Unfortunately, if I specify

    -D LLVM_TARGETS_TO_BUILD="AMDGPU;X86" \
    -D LLVM_ENABLE_PROJECTS="polly;lld;compiler-rt;clang;openmp" \
    -D LIBOMPTARGET_BUILD_DEVICERTL_BCLIB=OFF \

in my PKGBUILD, I get the following two CMake errors:

CMake Error at /home/marcus/Downloads/llvm-git/src/llvm-project/openmp/libomptarget/plugins/amdgpu/CMakeLists.txt:95 (add_dependencies):
The dependency target “omptarget.devicertl.amdgpu” of target
“omptarget.rtl.amdgpu” does not exist.

CMake Error at /home/marcus/Downloads/llvm-git/src/llvm-project/openmp/libomptarget/plugins/cuda/CMakeLists.txt:89 (add_dependencies):
The dependency target “omptarget.devicertl.nvptx” of target
“omptarget.rtl.cuda” does not exist.

Note that I need the AMDGPU target for Mesa as I have an AMD GPU but don’t need Cuda as I don’t own an Nvidia GPU nor do I want to use Cuda or NVPTX. Something still seems to be missing and even if I add NVPTX to my targets, I still get the same error output.

As @jhuber6 noted:

You can disable this directly with LIBOMPTARGET_BUILD_DEVICERTL_BCLIB but you won’t be able to do GPU offloading.
That said, CMake should not fail but simply not build those GPU runtimes.

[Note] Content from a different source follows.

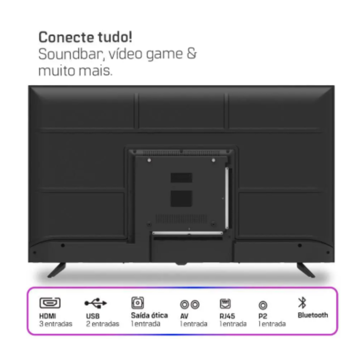 Além disso, conta com Wi-Fi e Bluetooth integrados , facilitando a conexão com internet, caixas de som, celulares e outros dispositivos. Com entradas HDMI e USB, você pode conectar videogames, notebooks e muito mais com praticidade.

Long story short, you need to build the OpenMP GPU runtimes with “a compatible clang”, preferably the one just build. You can in theory build the rest of OpenMP with your compiler and linker but I am doubtful we have the appropriate cmake magic already. It should be possible to add new flags to this end though.

As I’ve just added -D LIBOMPTARGET_BUILD_DEVICERTL_BCLIB=OFF to my PKGBUILD, I want to report back that this errors out the build with the output as shown in my post above, while it errors out at the beginnig via the LLVM_ENABLE_PROJECTS route (as noted in the post above), I also reproduced the same error when building OpenMP via the runtime route with the just-built LLVM/Clang/lld, but at the end of the build process, where the OpenMP runtime gets build.

Am I missing something? Analyzing the errors and the given CMake-files, it seems to me that OpenMP either still mandates omptarget.rtl.amdgpu and omptarget.devicertl.nvptx to be present or the check does not take the other configuration option into account, as I thought that this should disable GPU offloading completely. By the way, it would be great if there was documentation on how to build a CPU-only OpenMP offload capable compiler, the OpenMP FAQ (Support, Getting Involved, and FAQ — LLVM/OpenMP 16.0.0git documentation) doesn’t tell me anything about this use case; are all of the build configuration options documented elsewhere?

I’m not sure it seems to explicitly depend on those. Those libraries are only used by clang when compiling / linking for offloading. It will fail at compile / runtime if you don’t have them, but it shouldn’t prevent us from building the runtimes. @shiltian any opinions on removing that dependency?

I think we should make disabling the bitcode library build properly, then we can update the documentation to state that.

Thanks for taking care of these issues.

I also have good news to report, building OpenMP via the LLVM_ENABLE_PROJECTS route does compile fine again with LLVM/Clang. As that was my old way of compiling LLVM/Clang project this should give me less headaches in the meantime as building OpenMP via the runtime route was giving me the most issues lately. This should also unblock the 32-bit OpenMP / Polly build via that route, I still need to test that to be sure though.

Update: No luck with the 32-bit build with the projects route though, it errors out at the beginning with the same missing dependancy errors from above.